I didn't know what to expect from this title, but it had been buzzing around since it started being released in 2015. My fear was that it would be a traditional coming-of-age-tale, which is not one of my favorite subjects. What I discovered was a laugh-out-loud hilarious (seriously, I laughed out loud while reading it) and gorgeously rendered story.
The volume is, unfortunately, quite short, clocking in at about 128 pages and only consisting of four comics total. These "chapters" each have their own individual story arc, with some elements continuing between them. The first is an introductory episode, and the remaining issues deal with illness, misogyny, and a birthday gone wild.
What makes Giant Days so special is the one-two punch of John Allison's dialogue and Lissa Treiman's art. The characters are entertaining on their own, but their banter when they're together is quick, witty, and full of heart. The characters are fluid and kinetic, filled with so much energy that they practically move around the page, even when they're just relaxing. It's Treiman's art that pushes the comic from "good" to "fantastic." It's a style that easily switches between realistic and seriousness to comic and silly with ease depending on the story's tone. All of the characters have unique designs that are kept consistent even while their faces and bodies contort wildly with their emotions. Treiman works for Disney Animation, and it's easy to see why the Mouse would want her talent on board. Her style, mixed with Cogar's exuberant coloring, is beautiful to behold, and compliments the story perfectly.
The stories themselves are not complex.

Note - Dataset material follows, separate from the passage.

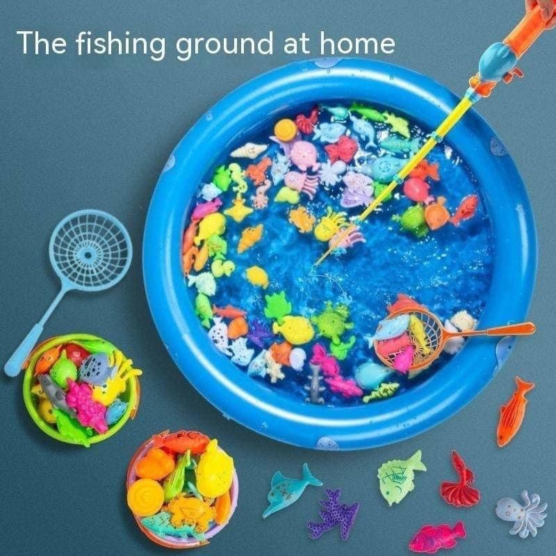 - Cho con trẻ tuổi thơ vui vẻ tránh xa thiết bị điện tử máy tính điện thoạ MÔ TẢ SẢN PHẨM: 1 Bộ câu cá bao gồm: 34 sinh vật biển gắn vít, 2 cần câu rút gắn nam châm, 2 xô nhựa, 2 vợt, 1 bơm, 1 bể phao cỡ lớn 60cm.

Rather it's the character's intensity that gives the stories weight. Usually they are about mundane situations that seem like the end of the world to our heroines, or important situations that maybe, in retrospect, should have been a bigger deal. It's peculiar that the topics that are broached in this comic are so intense on their own, yet are taken with such grace or are resolved so quickly that they almost seem like non-issues. For example, there is an absolutely fantastic ending to how the ladies tackle a chauvinistic website publishing risqué pictures of students, but the issue that deals with the fallout of Susan's "magazine" wrongfully accusing a character of misogyny does not seem to have as satisfactory a conclusion, nor does it (at this point in the story) have any real consequences. Speaking of consequences, Daisy deals with accidental drug overdoses not once, but twice in the four issue run. Both times are played for laughs, and the untroubled reactions to these were unsettling. However, Giant Days isn't here to be an after-school special, nor do we want it to be. My observations may be more about my assumptions coming into the book than what it's actually about: three young women trying to navigate the messy and chaotic experience that is Growing Up.

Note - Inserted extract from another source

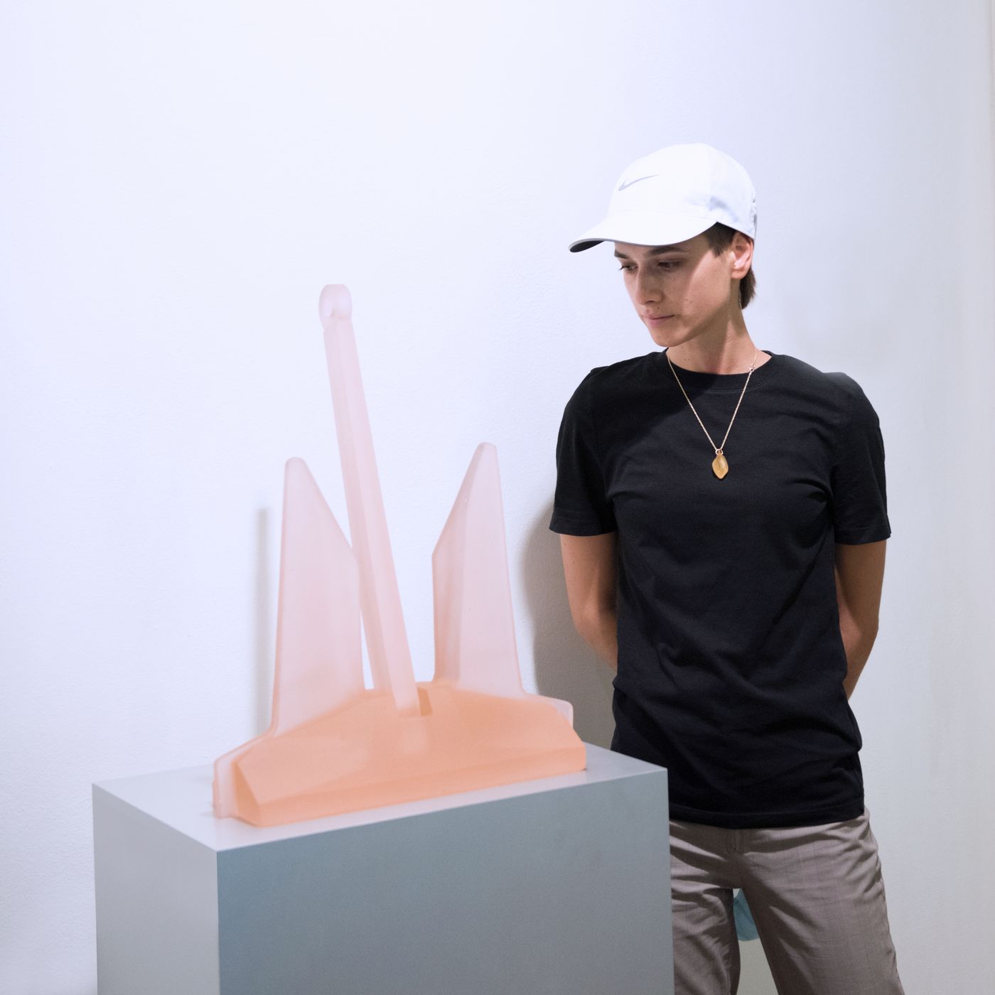 Im Glasanker kommen die Gegenpole Stabilität und Fragilität zum Tragen. Bei gleichzeitig starken Armen, suggeriert das rosafarbene Glas die Bedrohung und Unsicherheit der menschlichen Existenz – vor allem im Hinblick auf „das andere Geschlecht.“ In einer Krise, wie der derzeitigen Covid-19-Pandemie zeigt sich ein fragiles Gesellschaftssystem – ein zerbrechlicher Anker, der vor allem marginalisierte Gruppen nicht halten kann.

I see that I'm wrong to have my initial doubts about the book, and I should have put more faith into the same publishing studio that brought us the comic book version of Adventure Time and the always superb Lumberjanes. I highly recommend picking up a copy online or through your friendly local comic shop. I might return to Giant Days later with their next volumes, but in the meantime, I'll probably be re-reading this copy again and again.